I had usually been using scroll times between 10 and 300 sec, and it always seemed to return the extras pages with the full list of videos. Now it is not? Hmmm.

with TikTokAPI(scroll_down_time=scroll_time,navigation_retries=5, navigation_timeout=0, 
                data_dump_file=filename) as api:
            try:
                user_object = api.user(user, video_limit=0)
           except:
                pass

CarlCochet commented 1 year ago

I have the same issue currently ; can't seem to load more than 30 videos no matter how I setup scroll_down_time, also using version 0.1.11.

Russell-Newton commented 1 year ago

Previously, this problem arose due to what seemed to be a bug in Playwright. The fix at that time was to switch the web driver to Firefox, but if you're both having issues, it might mean the issue is presenting itself in Firefox now. I don't have a whole lot of time to address this, being a full time masters student, but I'll try to take a look soon.

vladisalv commented 1 year ago

Hi! Have the same issue. Tried:

driver: firefox/chromium
mobile emulate True/False
playwright 1.29/1.31/1.33

all these combinations. Nothing works out of the box :(

vladisalv commented 1 year ago

What can I use for scraping user video stats? Used LightVideo from user model. Can I get it the other way?

Russell-Newton commented 1 year ago

What can I use for scraping user video stats? Used LightVideo from user model. Can I get it the other way?

If you have a User object and want to grab data on that user's videos, use the user.videos iterator.
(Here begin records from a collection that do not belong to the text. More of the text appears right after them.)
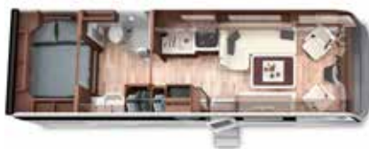
PALACE 83 HB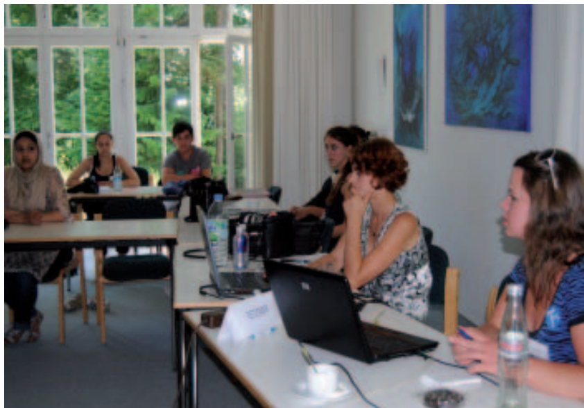
Redaktionskonferenz bei Tutzing FM: Studierende des Studiengangs Online-Journalismus aus Darmstadt

Die Nutzer sind zwischen 20 und 45. Sie kommen vorwiegend aus einem akademischen Umfeld in Groß- und Universitätsstädten und hören ein journalistisch hochwertiges Programm mit Popmusik. Was fehlt, sind Nachrichten. Dafür gibt es Hintergrundberichte. 4000 Hörer pro Tag zählt detektor.fm, die durchschnittlich 29 Minuten am Programm dran bleiben. Medienforscher wissen: Das ist sehr viel. Geld verdienen die Leipziger Hörfunker mit Sponsorenwerbung für einzelne Sendungen. Dafür sucht man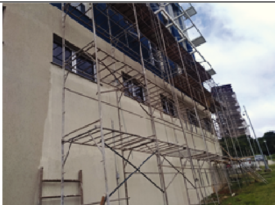
Figura 01: Instalação de Andaimes - Fachada Norte

Iterating through this will load each video on demand, getting accurate statistics, video info, etc. If all you need are loose statistics, the LightVideos are faster.

Russell-Newton commented 1 year ago

@emacollins @CarlCochet @vladisalv Please try again with version 0.1.12. I've added new parameters to the API constructors that you can try messing with:

scroll_down_delay sets the time (in seconds) before scrolling down is started. This is useful if your network is slow (e.g.: you're running TikTokPy in a Docker container)
scroll_down_iter_delay sets the time (in seconds) between scrolls. This can also be useful to tinker with if your network is slow.

I also suggest updating all dependencies.

Use:

scroll_down_delay now defaults to 1 second instead of an implicit 0 seconds. If this does not immediately fix your problems, my suggestions are as follows:

Try increasing scroll_down_iter_delay to 0.5 from the default 0.2. This will slow down the scrolling, which could help load the msToken cookie (see Explanation)
Try increasing scroll_down_delay to 3. This should also help load the msToken cookie.

Explanation:

Notably, TikTok provides browsers with an msToken cookie, and scrolling down doesn't work until this cookie is provided. If you scroll down too fast, you'll deadlock TikTok. Scrolling down further won't make any more API calls. The only way for this deadlock to be removed is to scroll back up and then back down. TikTokPy scrolls up a bit every other scroll-down, but if the iterative scroll-downs happen too fast, the deadlock might not let up. These two new parameters can alleviate these issues.

vladisalv commented 1 year ago

Hi @Russell-Newton ! I checked it not in Docker with good internet speed, but it doesn't work. Scraped only 30 videos from 300.

I looked at code, you use evaluate. Maybe use mouse wheel?

Russell-Newton commented 1 year ago

What values for scroll_down_time, scroll_down_delay, and scroll_down_iter_delay of you have set @vladisalv?

vladisalv commented 1 year ago

As you suggested above I started with:

scroll_down_time: 10
scroll_down_delay: 3
scroll_down_iter_delay: 0.5

I increased it step by step and finished with these values:

scroll_down_time: 120
scroll_down_delay: 60
scroll_down_iter_delay: 10

But has only 30 videos from more than 300.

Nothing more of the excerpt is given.